CREATE TABLE priceOverTime (
  id text,
  date timestamp,
  action text,
  price double,
  PRIMARY KEY ((id, date, action), price)

)

..

Partition keys: id, time, action

Clustering keys: price

Trying to use something similar to this StackOverflow question, but can't get it to return the desired output.
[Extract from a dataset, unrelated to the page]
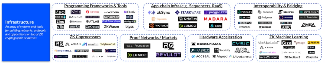 ZK 生态可分为 3 层: 1) 基础设施(即用于在 ZK 原语之上构建协议或应用的工具或硬件)、 2) 网络(即利用 ZK 证明系统的 L1 和 L2 协议),以及 3 ) 应用(即利用 ZK 机制的用户终端产品)。
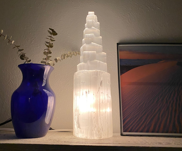 Practitioners of all things New Age probably recognize selenite as a charging stone, it's what gives their crystals an infusion of new energy. If a tiny selenite crystal charges others, imagine what kind of energy you'll get from this 15" pillar. The LED bulb in the bottom only enhances its vibes.

SELECT * FROM priceOverTime WHERE date > '2017-01-01 00:00:00+0000' 
                        AND date <= '2017-01-04 23:00:00+0000' 
                        AND token(id) > previous_token 
                        AND  token(action) = token('hold') 
                        AND LIMIT 100 ALLOW FILTERING;

Example Data

id |   date               | action  | price    
--------------------------+----------
1 | 2017-01-01 00:00:00-0000 | buy | 100
1 | 2017-01-02 00:00:00-0000 | buy | 105
1 | 2017-01-03 00:00:00-0000 | sell | 103
1 | 2017-01-04 00:00:00-0000 | buy  | 102
2 | 2017-01-01 00:00:00-0000 | buy | 100
2 | 2017-01-02 00:00:00-0000 | sell | 105
2 | 2017-01-03 00:00:00-0000 | hold | 103
2 | 2017-01-04 00:00:00-0000 | hold  | 102

Desired Output

2 | 2017-01-03 00:00:00-0000 | hold | 103
2 | 2017-01-04 00:00:00-0000 | hold  | 102

Note: Using Cassandra Version 2.2. Also, my version of Cassandra does suggest using token() function for this type of filtering -- shown in a previous error message.

Community
  • 1
  • 1
eyeOfTheStorm
  • 351
  • 1
  • 5
  • 15

1 Answers1

2

I am going to assume that you are actually using a PRIMARY KEY of (id, date, action) so as to match your column definitions.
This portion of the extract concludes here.